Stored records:
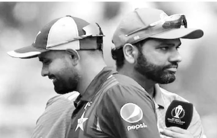
बोर्ड के अनुसार, पाकिस्तान में सुरक्षा के संबंधित दिक्कतें हैं, इसलिए टीम पाकिस्तान को लंबे समय से प्रतीक्षित कार्यक्रम को लेकर मुख्य चर्चा करने वाली है तो दूसरी ओर भारत सरकार की ओर से पहली बार पूरे मामले पर बयान आया है। चैम्पियंस ट्रॉफी की मेजबानी पाकिस्तान के पास है और बीसीसीआई ने आईसीसी को बता दिया है कि वह टीम को पाकिस्तान नहीं भेजेगा।

नई दिल्ली, 29 नवम्बर। चैम्पियंस ट्रॉफी को लेकर आईसीसी की आज अहम बैठक कर रही है। जिसमें अगले साल होने वाली चैम्पियंस ट्रॉफी के लंबे समय से प्रतीक्षित कार्यक्रम को लेकर मुख्य चर्चा करने वाली है तो दूसरी ओर भारत सरकार की ओर से पहली बार पूरे मामले पर बयान आया है। चैम्पियंस ट्रॉफी की मेजबानी पाकिस्तान के पास है और बीसीसीआई ने आईसीसी को बता दिया है कि वह टीम को पाकिस्तान नहीं भेजेगा। पाकिस्तान दूसरी तरफ टूर्नामेंट को हाइब्रिड मॉडल के तहत आयोजित नहीं करने पर अड़ा हुआ है। आईसीसी बोर्ड की बैठक वरुअल तरीके से होगी और इसमें चैम्पियंस ट्रॉफी के कार्यक्रम को लेकर कोई हल निकलने की संभावना है। आईसीसी के फैसले से ठीक पहले भारत के विदेश मंत्रालय के प्रवक्ता रणधीर जयसवाल ने एक लाइन में बड़ा बयान दिया है। उन्होंने साफ-साफ लहजे में कहा कि, बीसीसीआई ने बयान जारी किया है।
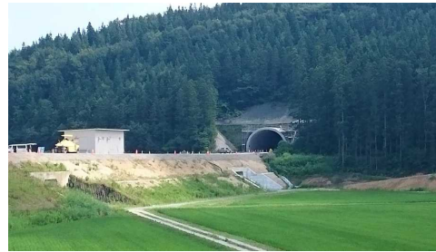
岩清水トンネル(酒田側)
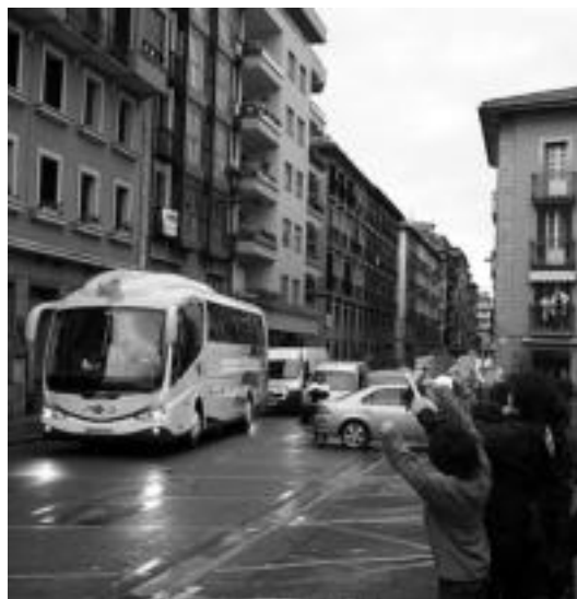
Realeko jokariak Tolosatik pasatzerakoan hartutako irudia. J. MUJICA

Berri onarekin hasi genuen astea: Erreala lehen mailara! Lehen eguneko ospakizunetara joateko aukerarik ez nuen izan, gurasoa bainaz, baina jokalarien autobusa herrietatik pasako zela jakitean sekulako poza hartu nuen, ni eta semea Errealeko jokariak ikusteko aukera izango genuen, bertatik bertara! Hantxe ginen ostegun goizean, Triangulo plazan, zain. Baina gure harridurarako pasa eta gelditu ere ez ziren egin! ez gelditu ez, eta kaso egiteko aukerarik ere ez, kristal beltzen atzean ez baitzen ezer ikusten! Penatuta itzuli ginen etxera semea eta ni. Pena izan zen agurtzeko aukerarik ez izatea. Nere ingurukoek ere sentsazio bera izan zutela uste dut gainera. Gurasoa.
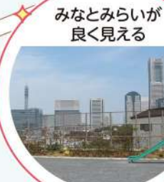
みなとみらいが 良く見える
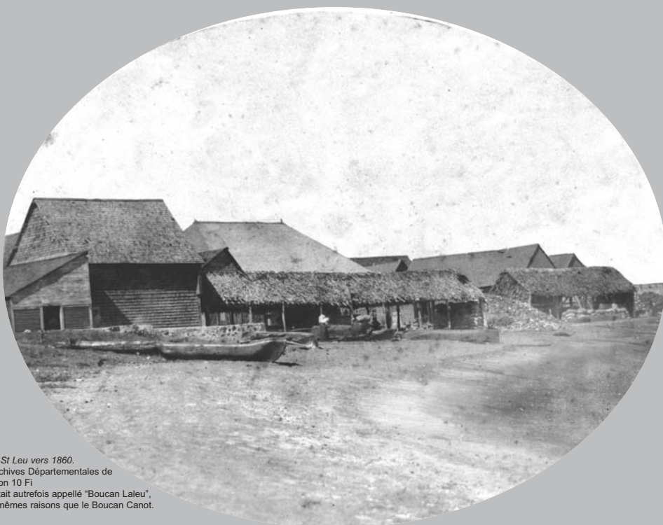
Plage de St Leu vers 1860. Ce lieu était autrefois appelé "Boucan Laleu", pour les mêmes raisons que le Boucan Canot.
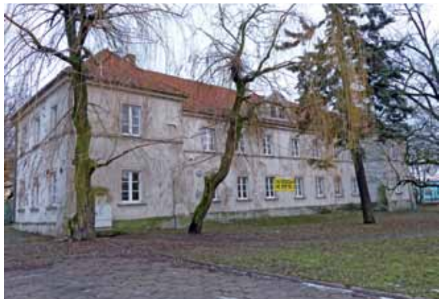
Budynek naprzeciwko starostwa (w sąsiedztwie ronda Księżwa Łowickiego) ponownie wystawiony jest na sprzedaż.

Starostwo Powiatowe w Łowiczu po raz kolejny wystawiło na sprzedaż budynek położony po przeciwnej niż urząd stronie ul. Stanisławskiego pod numerem 31 B, które przed kilkoma laty użytkował Zespół Szkół Ponadgimnazjalnych nr 3.
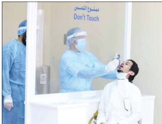
فحص أحد المتطوعين
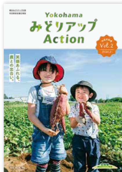
広報誌「みどりアップAction」
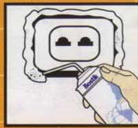
ปลั๊กไฟฝังผนัง
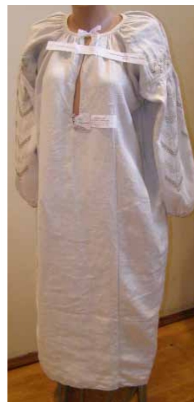
Українська жіноча сорочка (Полтавщина, кінець XIX ст.) з колекції Людмили ЄФІМОВОЇ (м. Ізмаїл)
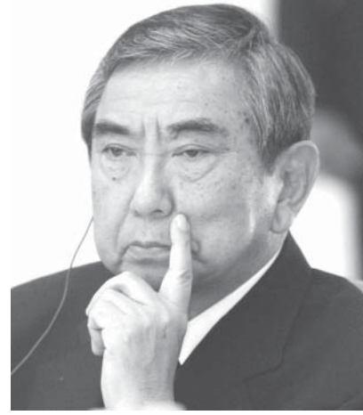
河野洋平氏、2006年撮影
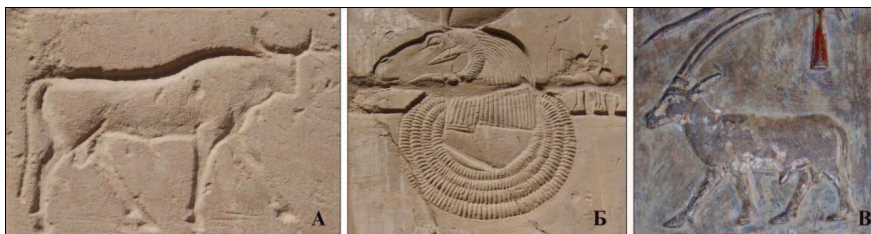
Мал. 1.1 Зображення копитних у древньому Єгипті: А – священний бик; Б – священний баран у Карнакському храмі; В – орикс у храмі царіці Хатшепсут

Досить важливою для одомашнення диких копитних виявилась територія сучасного Ірану – країни давньої і високорозвиненої цивілізації. На рубежі IV-III тис. до н. е. основним заняттям його жителів на рівнині, яка зрошувалася річками, що впадали до Перської затоки, було землеробство, а у горах – скотарство. Рясні врожаї ячменю у поєднанні з травами заплавних лук давали можливість вигодовувати значну кількість великої рогатої худоби, коней та овець.
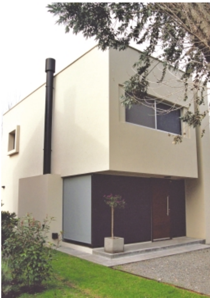
HACIA EL FRENTE, SE ABRIÓ EL ÁNGULO DE LA FACHADA, BUSCANDO PRESERVAR, CON LA UTILIZACIÓN DE VIDRIO, LAS VISTAS AL GOLF.

Tratándose de una vivienda de fin de semana, se proyectaron plantas muy funcionales, con locales integrados, libres de tabiquerías formales y sin espacios ociosos.
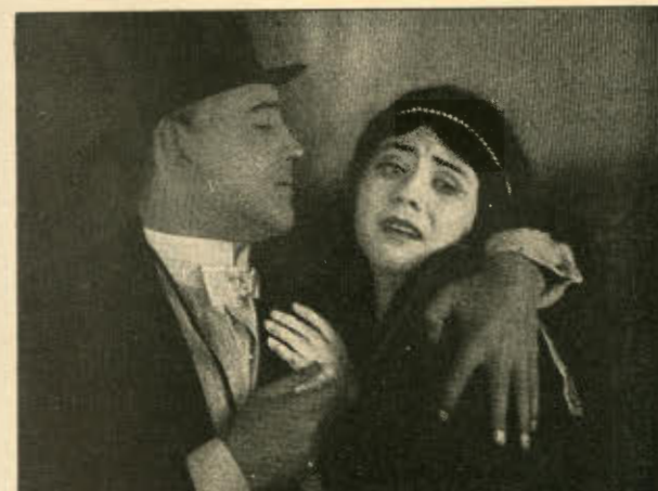
Af »En Sangerindes Eventyr«.

i det mystiske Hus. 4 Akter. Stor Sukces.
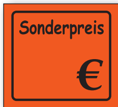
Best.-Nr. 27 - 01
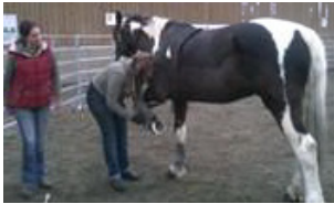
Comportement du cheval

Le service propose des formations clé en main, ou alors il est possible de monter des modules spécifiques sur mesure.
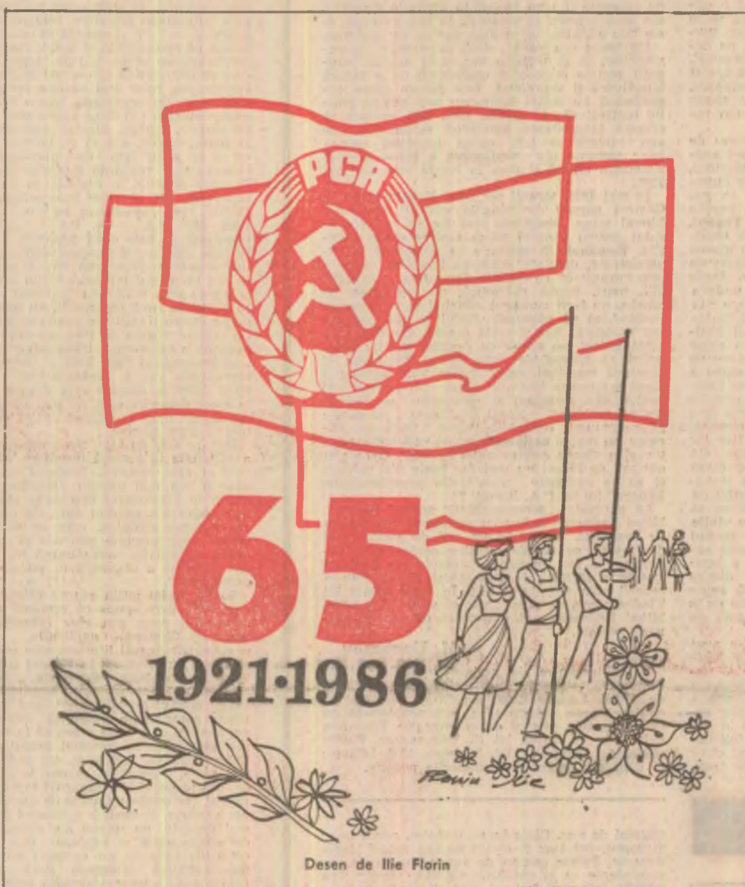
Desen de Ilie Florin
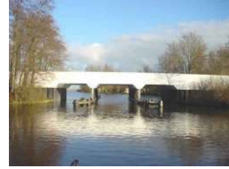
De brug over het Stobberak

Je vaart nu op de Hoarse en via de Jurjensleat en de Langstaarterpoel (Langsturtepoel) wordt de Gudsekop (Gudzekop) bereikt. In dit gebied bevinden zich veel aanlegplekken van de Marrekrite. Vanaf de Gudsekop vaar je recht uit de Goïngarijster Poelen (Goaiingarypster Puollen) op. Ongeveer 1200 meter verder aan stuurboordszijde is een jachthaven (Oer 't String) zichtbaar. Deze haven ligt vlak achter een klein sluisje (breedte 4,50 meter), waarna men in de Lijkvaart (Lykefaert) uitkomt. Na de brug (doorvaarthoogte 2,50 m., zeer smalle en bochtige passage) een kilometer verder bakboord uit de Zijlsloot (Syltjesleat) in. Na een haakse bocht vaar je langs Akmarijp (Akmaryp) Met aan het einde van het dorp weer een brug. Na de brug volgt een haakse bocht naar bakboord, een halve kilometer verder draait men ongeveer 90° naar stuurboord uit en komt in de Lange Sloot.
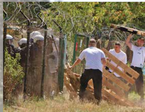
W role naruszających zbiorowo porządek (białe koszulki) wcielili się policjanci

W operacji „Garda 2018” wzięło udział ponad 1100 funkcjonariuszy z OPP i SPPP ze wszystkich garnizonów. Dojeżdżali na miejsce ćwiczeń, czyli na drawski poligon, w czasie rzeczywistym ze swoich jednostek, kwatrowali się w namiotach i włączali do akcji. Tu od 2 do 6 lipca br. sprawdzono w praktyce działanie dużych związków taktycznych Policji, a w szczególności poziom wiedzy ćwiczących dotyczący zaktualizowanej taktyki działania pododdziałów zwartych w sytuacji zagrożenia bezpieczeństwa lub zbiorowego naruszenia porządku publicz-
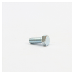
293 - Parafuso Sext. 5/16" x 3/4" UNC ZB 5.8
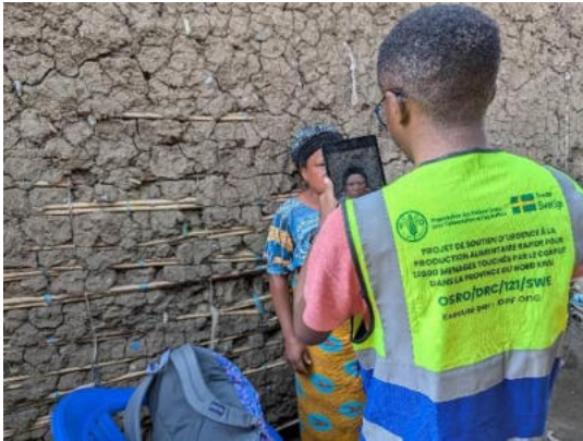
Prise d'une photo d'une cheffe de ménage, pendant l'activité d'enregistrement des potentiels bénéficiaires
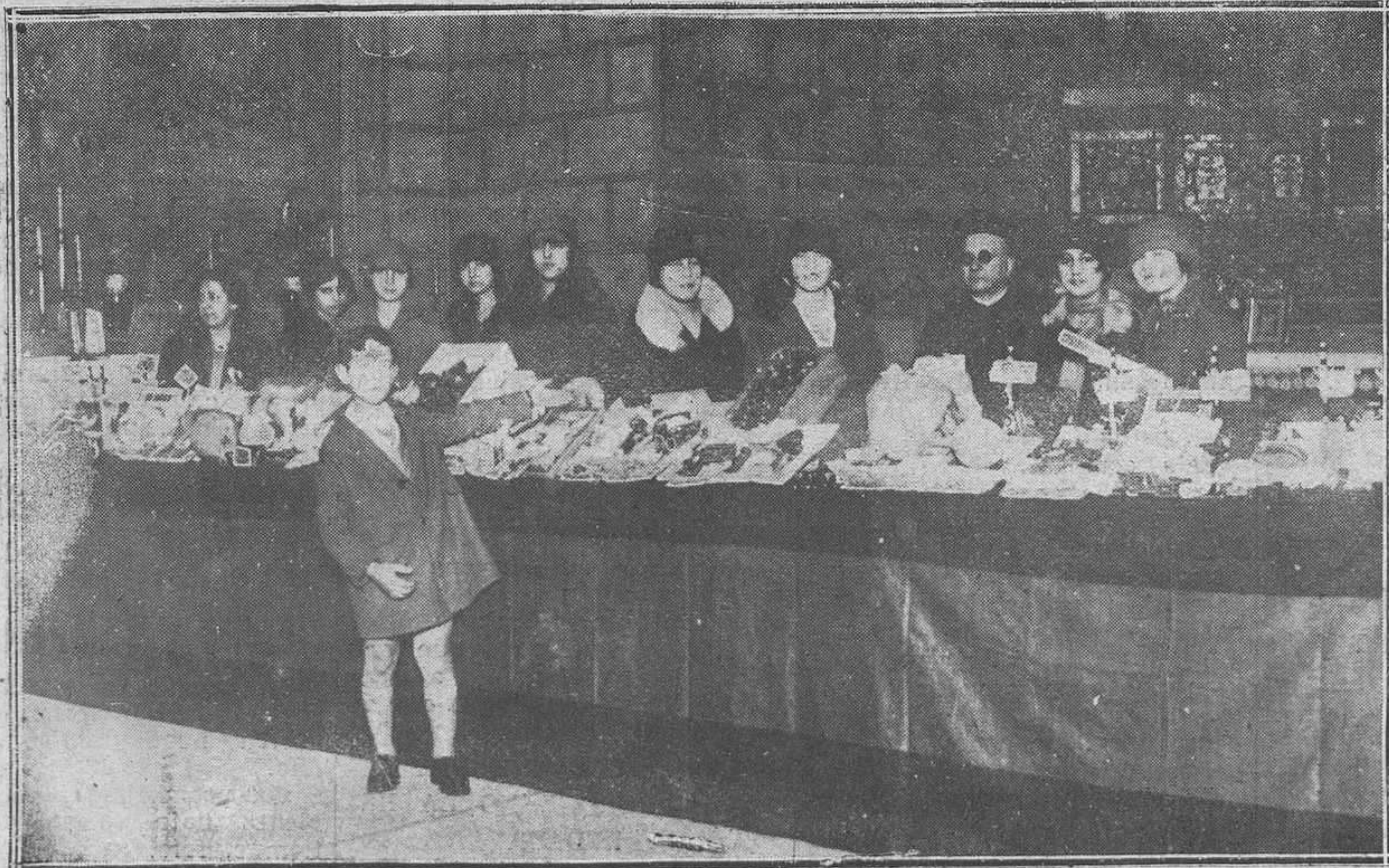
Oviedo: En San Juan el Real.-Reparto de juguetes a los niños de la Hora Santa.

Iba de puntillas; no quería que la sintiesen los fíos de Gertrudis.

Exercise prompt
Looking above, find the stretch of lines that opens with the one holding "HACIA EL FRENTE, SE" and closes with the one holding "Desen de Ilie Florin". Copy it exactly, pictures excluded.

Your solution
HACIA EL FRENTE, SE ABRIÓ EL ÁNGULO DE LA FACHADA, BUSCANDO PRESERVAR, CON LA UTILIZACIÓN DE VIDRIO, LAS VISTAS AL GOLF.

Tratándose de una vivienda de fin de semana, se proyectaron plantas muy funcionales, con locales integrados, libres de tabiquerías formales y sin espacios ociosos.
Af »En Sangerindes Eventyr«.

i det mystiske Hus. 4 Akter. Stor Sukces.
Best.-Nr. 27 - 01
Comportement du cheval

Le service propose des formations clé en main, ou alors il est possible de monter des modules spécifiques sur mesure.
Desen de Ilie Florin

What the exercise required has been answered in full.